作者: fzy 时间: 2005-3-14 18:28
标题: Generalizing 野菜花's problem

This is a problem given by 野菜花 last week:

在六张纸片的正面分别写上 1， 2， 3， 4， 5， 6，在它们的反面也随意地写上这六个数，然后计算每张纸片两面数字之差的绝对值。证明这六个绝对值中至少有两个是相同的。

Now let's generalize it: Is this true for any N? It is obviously false for N = 1. How about N>1? If not, for what N is it true?

作者: 野菜花 时间: 2005-3-14 19:20
标题: 回复：Generalizing 野菜花's problem

Suppose there are no two numbers are the same, then the N absolute values are 0, 1, 2...

(N-1)

sum(a-a')=0

sum|a-a'|=0+1+...+(N-1)=N(N-1)/2

As (a-a') and |a-a'| are either both ever or both odd, if N(N-1)/2 is odd, then the assumption is wrong.

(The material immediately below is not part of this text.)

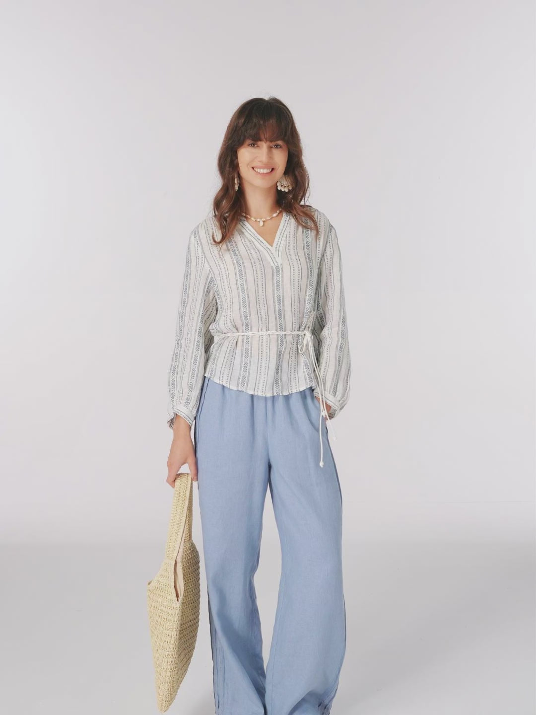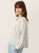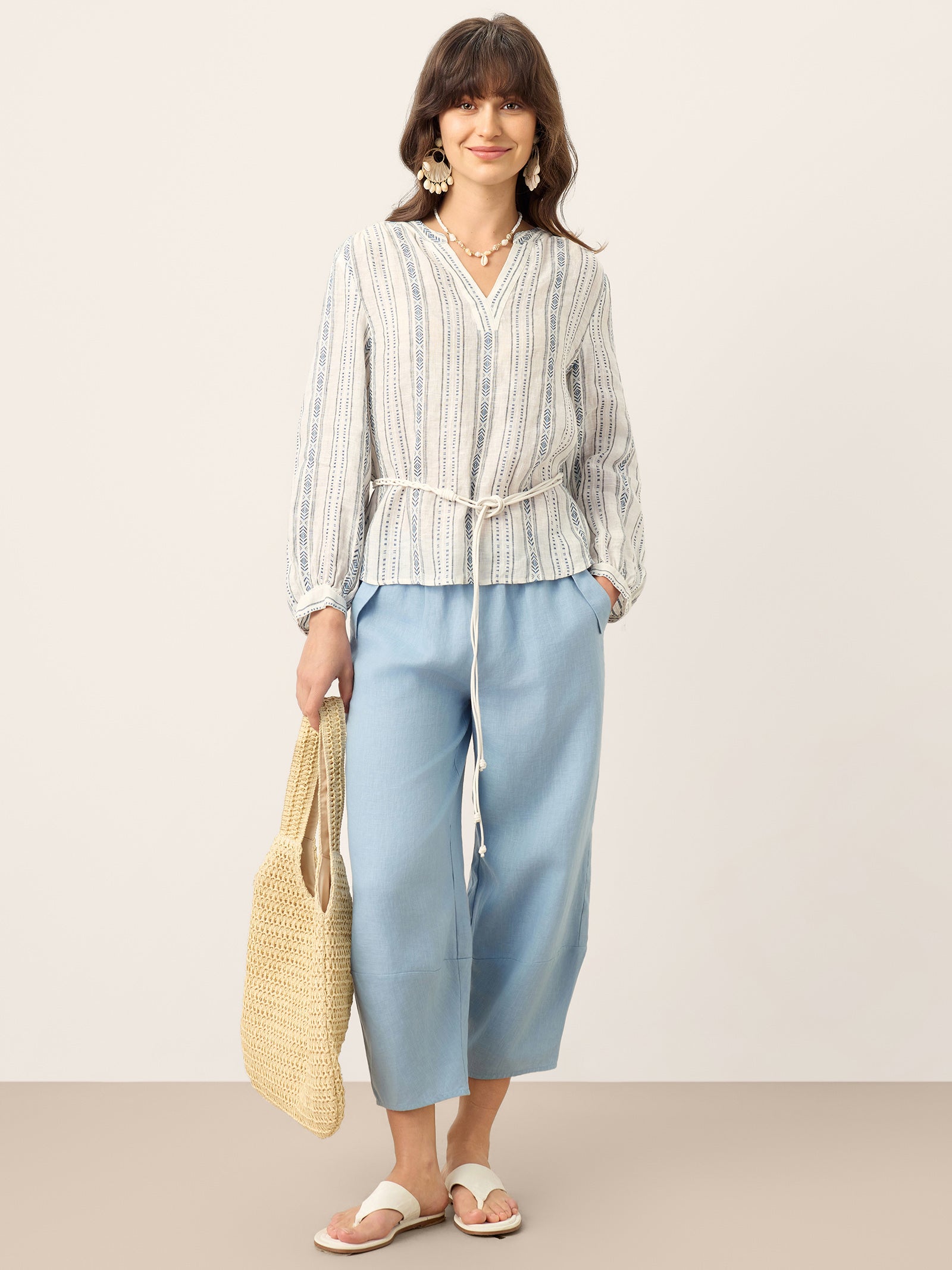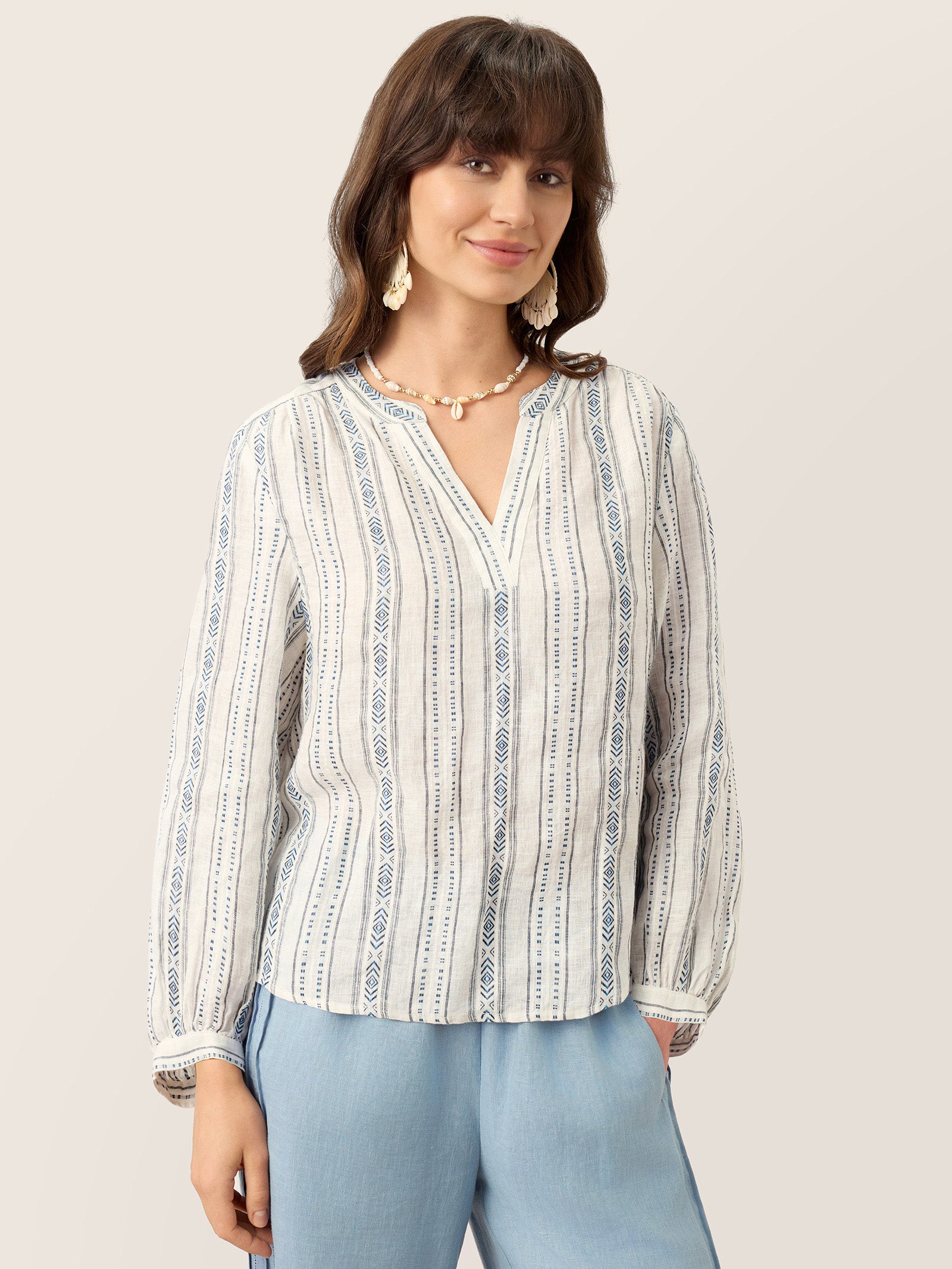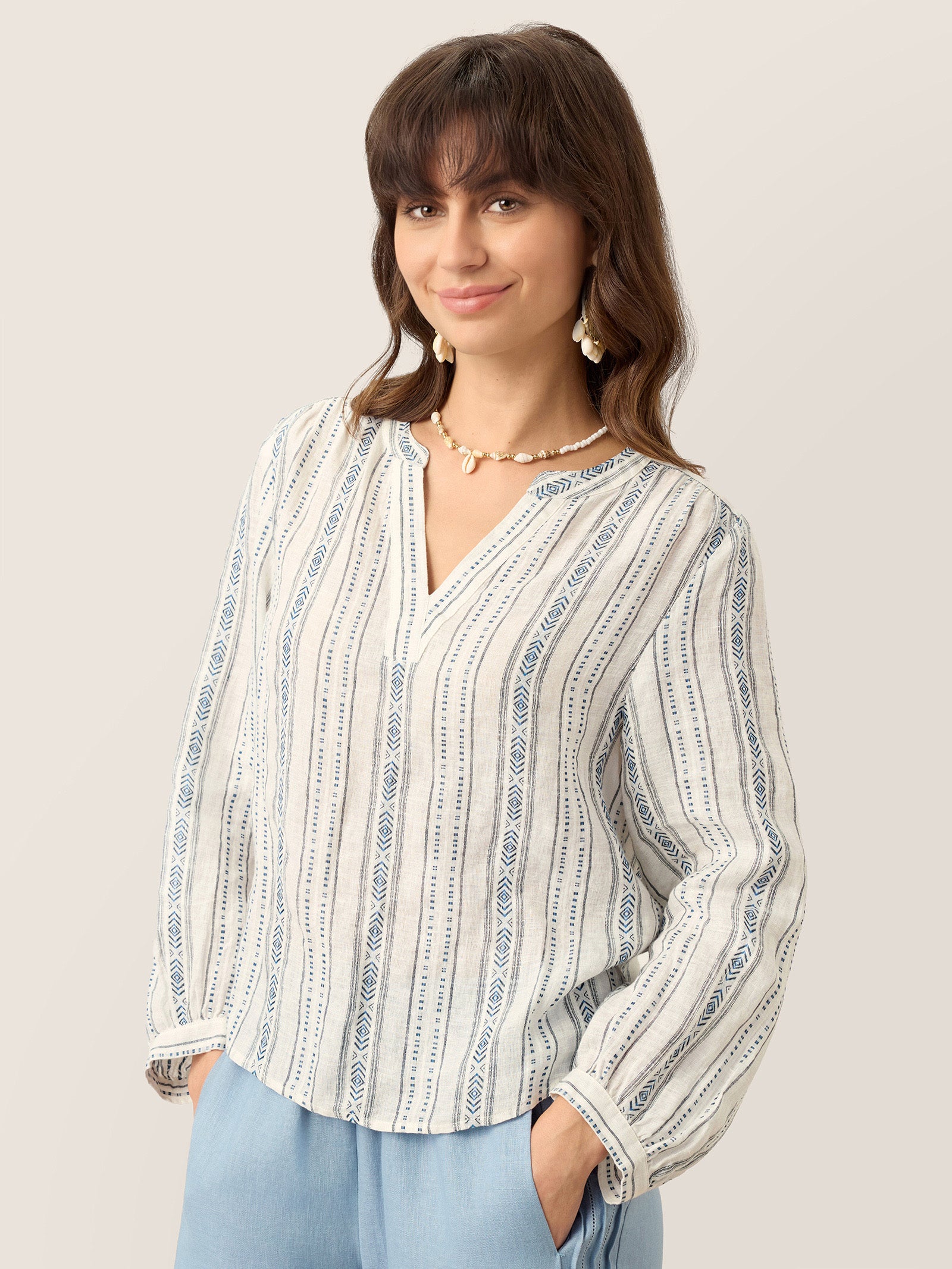 Linen Tribal Stripe Split Neck Bohemian Blouse KERENZA

if N is even, N=2m, N(N-1)/2=2m*(2m-1)/2=m*(2m-1), m must odd,

so N=2m=2(2k+1)=4k+2

If N is odd, N=2m+1, N(N-1)/2=(2m+1)*2m/2=(2m+1)*m, m must be odd,

so N= 2m+1=2(2k+1)+1=4k+3

Therefore N=4k+2, or 4k+3

作者: fzy 时间: 2005-3-14 19:29
标题: Right answer, but

can you prove it is false for 4k and 4k+1?

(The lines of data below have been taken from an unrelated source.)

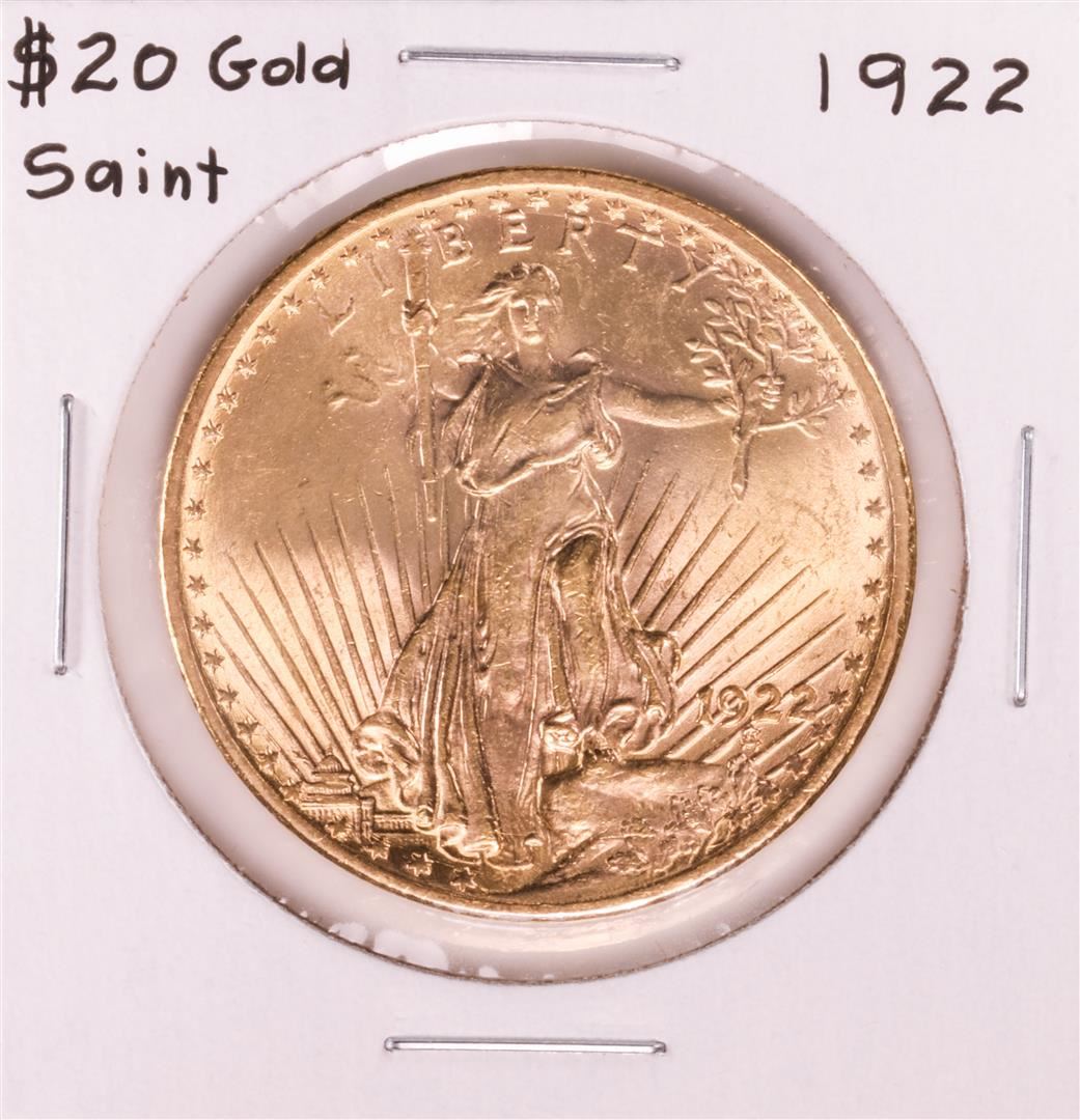 One 1922 $20 St. Gaudens Double Eagle Gold Coin.
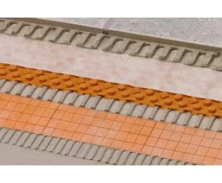 - Au niveau des joints de fractionnement du support, couper la natte Kerdi et recouvrir les jonctions avec la bande Kerdi Flex. Celle-ci peut égelement être utilisée en périphérie, pour les liaisons sol/murs. Une autre solution coniste à utiliser Kerdi-keba en formant une boucle appropriée.
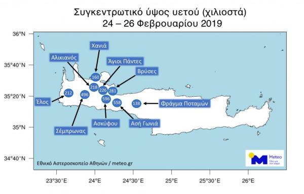 Ένα πανευρωπαϊκό ρεκόρ βροχόπτωσης έσπασε λόγω της «Χιόνης» και της «Ωκεανίδας». Ο αθροιστικός υετός που κατέγραψε ο μετεωρολογικός σταθμός του Εθνικού Αστεροσκοπείου Αθηνών / meteo.gr, που βρίσκεται στο οροπέδιο Ασκύφου Χανίων, από την 1η Φεβρουαρίου έως και το πρωί της Δευτέρας 25/2 έφτασε στα 1.202 χιλιοστά. Το προηγούμενο ρεκόρ μηνιαίου υετού σε κατοικημένη περιοχή ανήκε στο Γκρεντάλεν της Νορβηγίας με 1.190 χιλιοστά, ρεκόρ που κρατούσε από το 1989.
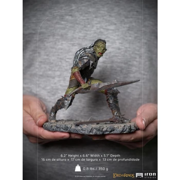 Display your own Middle-earth adventures with The Lord of the Ring Battle Diorama Series. The Swordsman Orc statue stands 6.20 inches tall with his sword drawn ready for the battle. This highly detailed statue was created using original movie references.
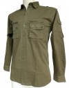 Art.052, camicia uomo in gabardina di cotone pettinato, manica lunga, taglie regolari, colore verde. Chiusura con asole e bottoni, due taschini a toppa sul petto con chiusura con cerniera e taschino sovrapposto con chiusura con bottoni, taschino a toppa sulla manica sinistra, spacchetti al fondo, comodi laccetti ferma manica che facilitano il bloccaggio della stessa nel caso venga risvoltata. Vestibilità comoda dai volumi ampi, camicia che veste in maniera morbida. Capo particolarmente confortevole, adatto a svariate situazioni che vanno dal relax in casa, al al lavoro, al tempo libero, alla caccia e pesca.
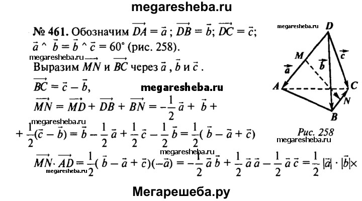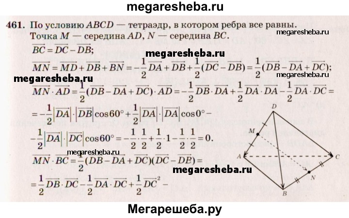 461. Все ребра тетраэдра ABCD равны друг другу. Точки М и N — середины ребер AD и ВС. Докажите, что вектора MN AD = MN ВС = 0.
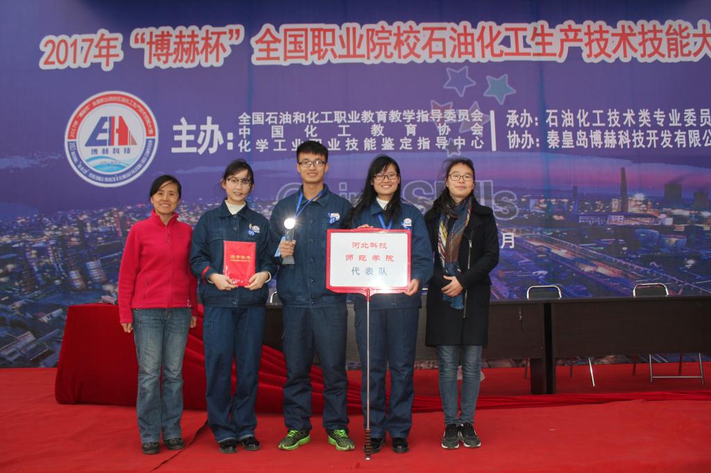 2017年10月28日,“博赫杯”全国职业院校石油化工生产技术技能大赛在秦皇岛博赫科技园圆满落下帷幕,Beat365化工学院刘璐、段志青、赵琰老师带领的由2015级应化专业李蒙、李向明及化学专业冯明娜三名学生组成的参赛队伍在比赛中荣获三等奖,段志青老师获得“优秀指导教师”荣誉称号。在比赛过程中,Beat365学生展现出来的优良素质获得总裁判长的表扬。

作者: 野菜花 时间: 2005-3-14 20:28
标题: 回复：Right answer, but

看来你今天想把我累死啊？那么那道三位数的题你还没证明

42不行呢！

作者: yma16 时间: 2005-3-14 21:09
标题: just find some counterexample, such as

1,2,3,4

2,4,3,1

The difference is 1,2,0,3.

作者: 野菜花 时间: 2005-3-14 21:12
标题: need prove for all k [:%]

need prove for all k

作者: fzy 时间: 2005-3-16 00:10
标题: Examples for 4k, 4k+1

For N=12:

(1,12), (2,11), (3,10), (4,4), (5,9), (6,8), (7,6), (8,5), (9,3), (10,2), (11,1), (12,7)

For N=13:

(1,13), (2,12), (3,11), (4,4), (5,10), (6,9), (7,8), (8,6), (9,5), (10,3), (11,2), (12,1), (13,7)

Same pattern should work for all k.

作者: 野菜花 时间: 2005-3-16 00:23
标题: 回复：Examples for 4k, 4k+1

I found counter exampls for N=4,5,8,9,12,13, but I could not find a clear pattern like yours.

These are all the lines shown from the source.